Tengo una buena idea de Jesús. Cristo es dar sin esperar recibir, y perdonar al que nos ofende porque normalmente no saben lo que hacen. Cristo vive en todo café de especialidad y llega en bicicleta. Es el paquero que peregrina por Chacarita y saluda a los que lo esquivan tirando sus últimos tiros de vida en comunidad, el enfermero que cambia pañales de adultos, el vigilante que pasa horas parado en una calle oscura.

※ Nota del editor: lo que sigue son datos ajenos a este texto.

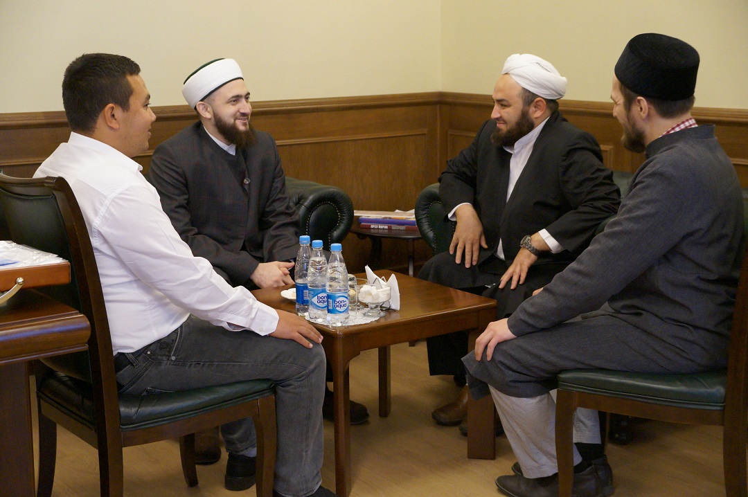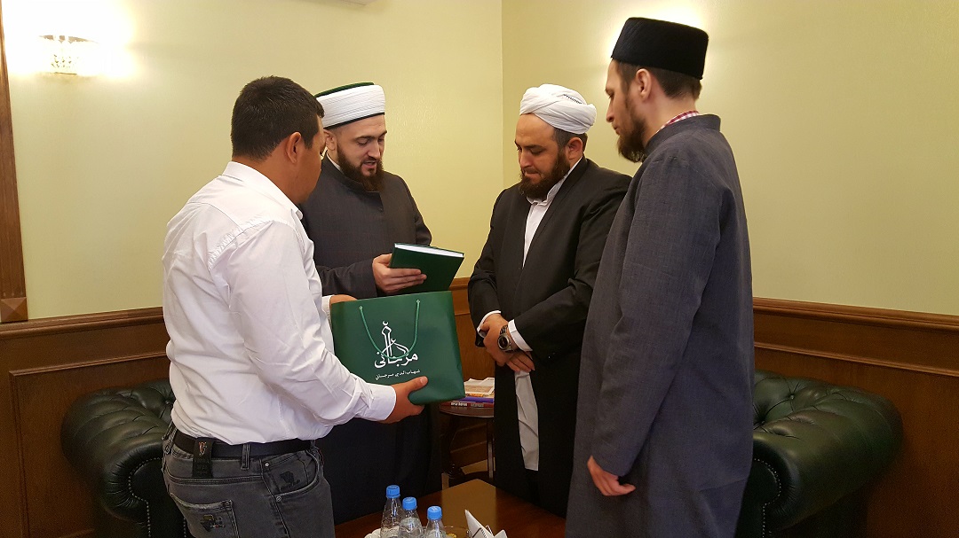 Камил хәзрәт Сәмигуллин, үз чиратында, Татарстан мөселманнары Диния нәзарәтенең эшчәнлеге, проектлары турында сөйләде һәм атаклы галимебез Шиһабетдин Мәрҗанинең китапларын бүләк итте.
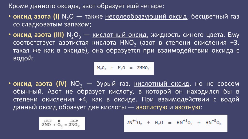 данный оксид образует две кислоты — азотистую и азотную:

La Virgen María, en cambio, me resulta amenazante. Cuando dicen que somos un país mariano pienso que son las ganas de los cardenales de borrar a Jesús porque éste los expone más en su burocratismo y vanidad. Jesus viaja semidesnudo con un paño blanco, la virgen en un manto con toques de oro. ¿Qué le pasó a la virgen que se viste tan bien y oculta su cuerpo de mujer?
Dios se presenta cuando escribo, y a veces no se presenta. Cuando se presenta me responde la pregunta: ¿qué tengo que hacer para que me lean? Y sé que me ha dicho que escriba como hablando al oído, y que tiene que ser verdadero, verdadero.
Como es sabido, Cristo tiene un pequeño quiebre en el monte de los Olivos, la noche previa al final, y le pide a dios que no lo someta a la prueba de la muerte. “Aparta de mí este cáliz”, le ruega. Un ejemplo de humanidad que agiganta la figura de Cachete Montiel que dijo “yo pateo”.
Con todos sus virtudes, sé que Jesús correría inútilmente en un partido de fútbol y sería incapaz de hacer un gol e incapaz de cortar un avance contrario, para que nadie se sienta mal.
Pero mi Jesús pesca con su padre carpintero en un río manso y conocería a mi Simón, arriba de su propia jangada, gritándome papi, llegó Jesús. Yo abriría los brazos, Simón los suyos, y Jesús nos invitaría a bajar y caminar sobre el agua hasta él. Un salvador y dos generaciones de Schmidt fundiéndose en un abrazo lleno de esperanza.